Quen, you have the advantage of us here: You've actually played in that system. I feel like there are less drastic steps we could take:
- Keep current system, but the universal Save vs Carouse is 12
- Adopt a 2d6 roll, make 2 and 12 criticals, and have everything else incur loss or bonus relative to the roll
- etc.
… but it depends on what you want to change.
I interlope! The unsolved problems of White Sandbox carousing are thus:
- what modifiers do you apply to the 2d6 roll? In Apocalypse World, where this is stolen from, most characters have a +1 or +2 to most things, and there are only four abilities which have wider applicability. In old-school D&D many PCs have +0 or -1 ability score modifiers and lots of carousing comes down to Charisma.
- what is the relationship between spending and success? Is it necessary to make the amount spent variable, once we move away from a purely Rientsian joy-of-unpredictability carousing system (as we already have at the point that we let players choose what to do when carousing instead of just "go drinking and roll on this big-ass chart"?)
- is it necessary to reward big city carousing with a bigger spending-die type? My sense is that since carousing happens off-stage, the Rientsian logic of this - to go to the big city you have to make lots of wilderness encounter checks - is diluted by off-stage handwaving. Likewise the idea that in a big city you can get into more trouble is hard to adjucate.
Naked Samurai, yes in theory one presents the choices - usually "10+ you get what you want, 7-9 you choose which of these good things matter most for you to get and which potential bad things you're willing to accept, 6- a bad thing happens." Making the bad things explicit makes it more of a game - "hmm I'll choose not to do that based on a strategic analysis of consequences" - and suits indie-game design theory about transparency and the like. I don't think it's as important to us - I want to research a new prayer even if it gives me leprosy, and won't want to plant roses even if it's logically the better choice - and it's a step I often omit because it's more work to think of the range of possibilities if I don't need to. A goal might be to develop a standard repertoire of carousing moves so that they don't need to be invented each time. See Dungeon World for an example of what this would look like.

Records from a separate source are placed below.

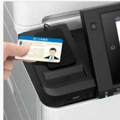
Identificação de usuários através de senhas, códigos PIN ou cartões de identificação

* Os cartões são vendidos separadamente. ** Incluso no pacote neste sistema.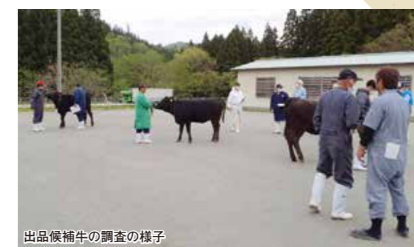
出品候補牛の調査の様子

5月12日、山形県は、肉用牛改良推進事業の候補種雄牛の取引会を開催し、関係者約50名が参加しました。 将来、山形県所有の優秀な黒毛和種の種雄牛の候補となる2頭が取引されました。1頭は、「美津勝桜号」でその産子が10頭。もう1頭は、「丸藤号」でその産子が6頭取引されました。当JAでも「美津勝桜号」の産子が3頭、「丸藤号」の産子3頭の出荷があり、今後購買者の元で肥育され、枝肉成績が優秀と認証を受ければ正式に県産種雄牛としてデビューする予定です。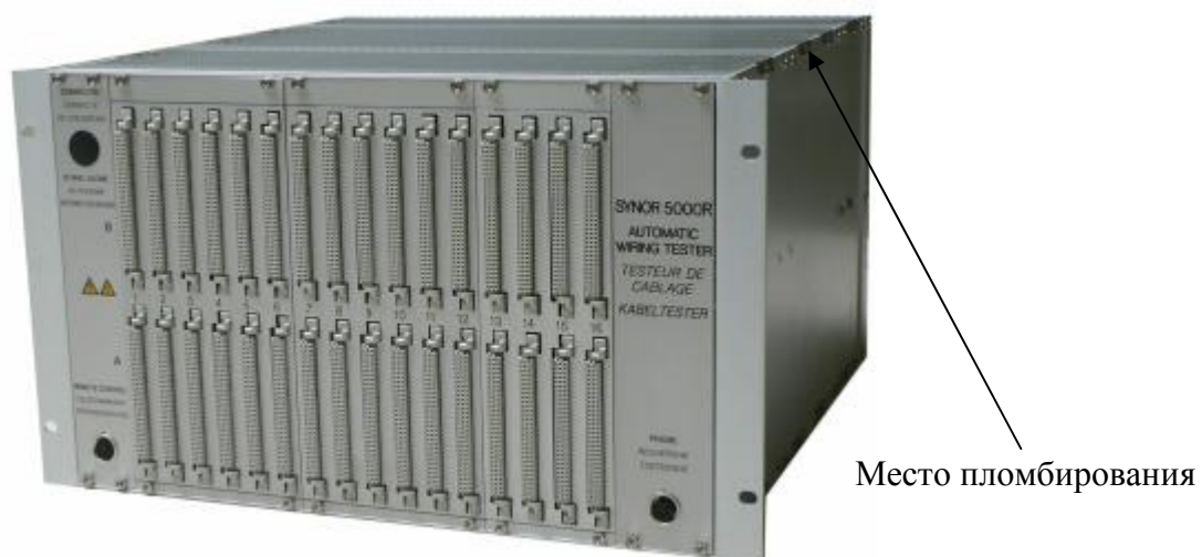
Рис. 2 – Тестер кабельный SYNOR 5000-R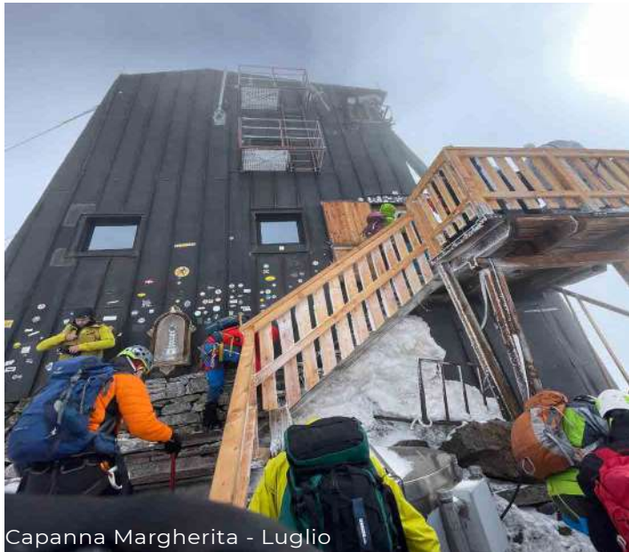
Capanna Margherita - Luglio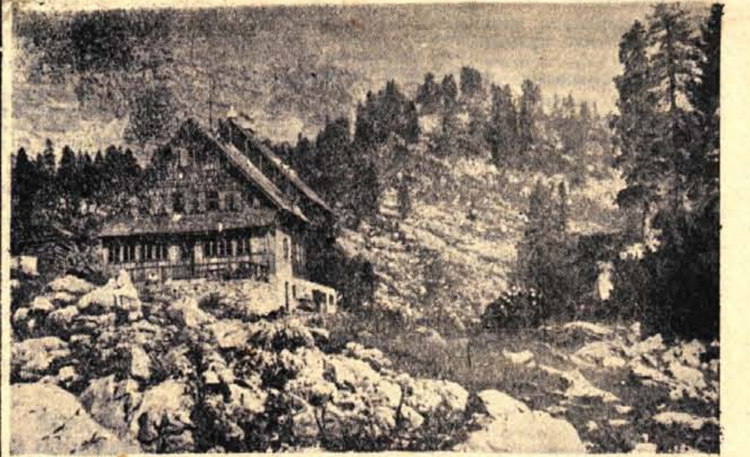
Motiv s TRIGLAVSKEGA NARODNEGA PARKA: L. oča pri Sedmerih triglavskih jezerih

Kar pomislite, koliko cvetja bi odnesli številni obiskovalci, ki jih je na primer lani nad 6.000. In teh obiskovalcev bo vedno več! In vsakdo rad odnese domov nekaj cvetja. Alpsko cvetje raste v težkih pogojih, zato je popoln-

what modifiers do you apply to the 2d6 roll? In Apocalypse World, where this is stolen from, most characters have a +1 or +2 to most things, and there are only four abilities which have wider applicability. In old-school D&D many PCs have +0 or -1 ability score modifiers and lots of carousing comes down to Charisma.

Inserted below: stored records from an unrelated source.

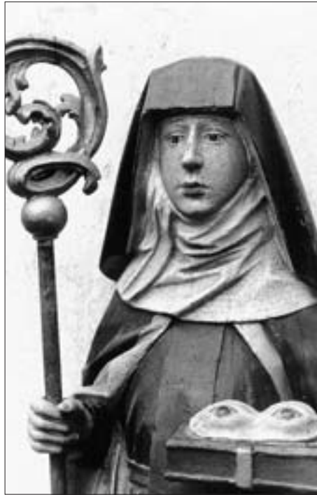
Spätgotische Statue der hl. Ottilie in der Kirche zu Amlach, um 1470; Aufnahme von 1971.

Freilich ist ein Kircheninventar, das vor rund 270 Jahren angelegt wurde, heute kaum mehr als relevant zu betrachten; zu lang ist der zeitliche Abstand, zu viele Ereignisse sind mittlerweile eingetreten und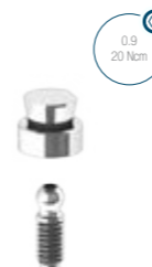
Pilar O'ring 72.3704

* Cápsula não acompanha o produto. Código cápsula: 2.4001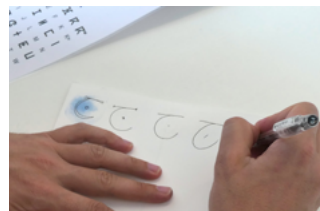
Vues d'un atelier Fanzine au Frac Nouvelle-Aquitaine MÉCA.

Depuis 1982, le Frac soutient la création contemporaine par la constitution d'une collection d'œuvres d'art pour la porter à la connaissance du plus grand nombre. Combinant ainsi des missions de diffusion et de médiation, de collection et de production au plus près des artistes, le Frac développe une programmation artistique avec un ensemble de partenaires sur le territoire qui se concrétise par des actions inventives et des moments à partager autour des œuvres.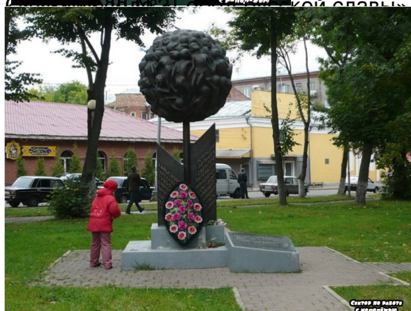
Сектор по работе с молодежью

Город русской славы была также проведена для третьего и для пятого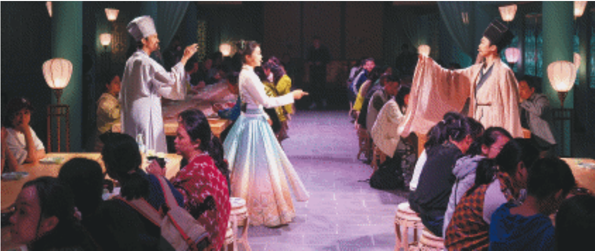
橘子洲江天暮雪文化园为游客带来一场沉浸式的宋式美学极致体验。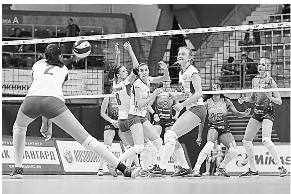
Воронежские волейболистки завершили сезон на мажорной ноте.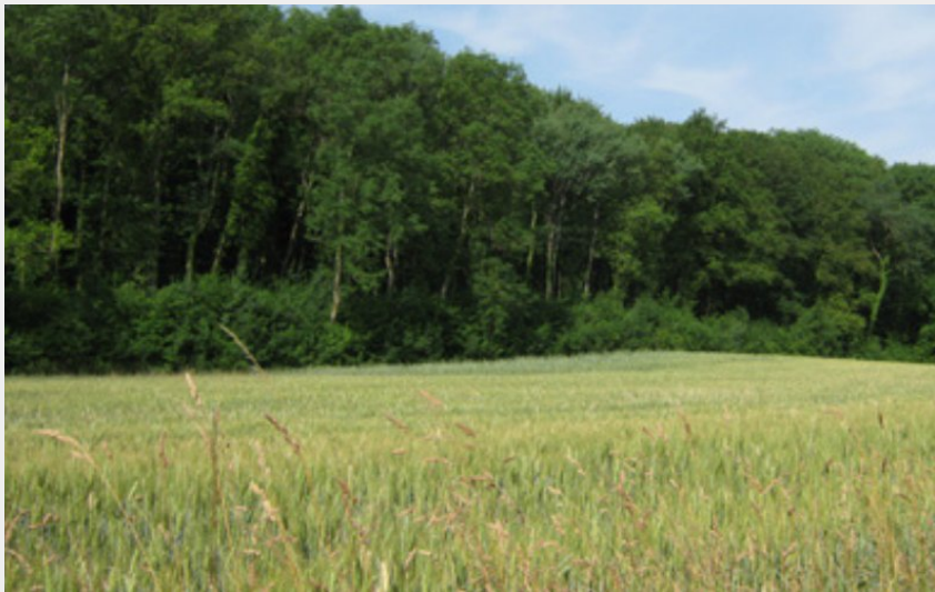
Prairie de Singly

Tweaking this a little bit: ability modifiers in Apocalypse World run from -2 to +2; an ability of -3 or +3 is rare but does occur. Since ability modifiers in B/X D&D run from -3 to +3, nothing will really break. Usually in Apocalypse World the ability to roll is obvious from the fiction-as-established: Cool, Hard, Sharp, Hot, or Weird. So you might be trying to sneak into the enemy camp, and there's a lot of back-and-forth about the sneaky things you're doing, and then ultimately you roll your Cool to get in.
In D&D the ability to roll would likely be equally obvious, except that there's none of that back-and-forth: the carousing roll comes as a bolt from the blue. So that confuses things a little bit, as the DM's zany narration ends up providing the fictional cues that determine what ability to roll, rather than it resulting from player input.

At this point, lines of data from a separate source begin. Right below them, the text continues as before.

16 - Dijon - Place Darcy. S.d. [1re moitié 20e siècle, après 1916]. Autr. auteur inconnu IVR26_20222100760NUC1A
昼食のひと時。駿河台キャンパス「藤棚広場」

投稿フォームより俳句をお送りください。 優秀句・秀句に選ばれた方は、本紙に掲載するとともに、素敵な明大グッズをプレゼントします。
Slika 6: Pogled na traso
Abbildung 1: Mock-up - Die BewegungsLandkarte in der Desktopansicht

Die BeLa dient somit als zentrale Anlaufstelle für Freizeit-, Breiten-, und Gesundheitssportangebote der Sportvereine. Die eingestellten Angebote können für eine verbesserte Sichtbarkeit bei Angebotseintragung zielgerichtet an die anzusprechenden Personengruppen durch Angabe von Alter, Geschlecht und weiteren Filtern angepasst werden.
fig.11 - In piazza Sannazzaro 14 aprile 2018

One option: player tells DM, "I want to carouse with my Strength to become the circus strongman." And the DM runs with that. If the player proposes something without much fictional justification: "I want to carouse with my Strength to balance the royal budget," the DM might veto the request or do something distasteful.
yes in theory one presents the choices - usually "10+ you get what you want, 7-9 you choose which of these good things matter most for you to get and which potential bad things you're willing to accept, 6- a bad thing happens."
This is the general format, but there's a lot of customization here. I'd be happy to elucidate if anyone wants to shoot me an e-mail.
I like the new White Box carousing rules (insofar as I understand them) because they help formalize a really mushy, freeform system, and because they promote some cool back-and-forth decision making wherein both the player and the DM share responsibility for the results of the carouse. I'd like to test it out with whichever players would like to be guinea pigs for the procedure.
Because I'm a slow study to this, and some other Red Box players have asked the same big question ("How does this work?"), I took the liberty of creating a page describing the system so far here: Carousing Mechanics. Quen, Tavis: Please help shape it up into a reference document? Please?
Ok, I've culled the more regularized moves that I could from the original whitebox thread. I think I'll pause here for feedback/suggestions/edits from others.
Some of those moves (particularly the ones I authored!) are poorly designed. I'll have a go at tweaking them later. In the meantime, perhaps someone could set up a page or thread wherein we propose, critique and heckle some new carousing moves?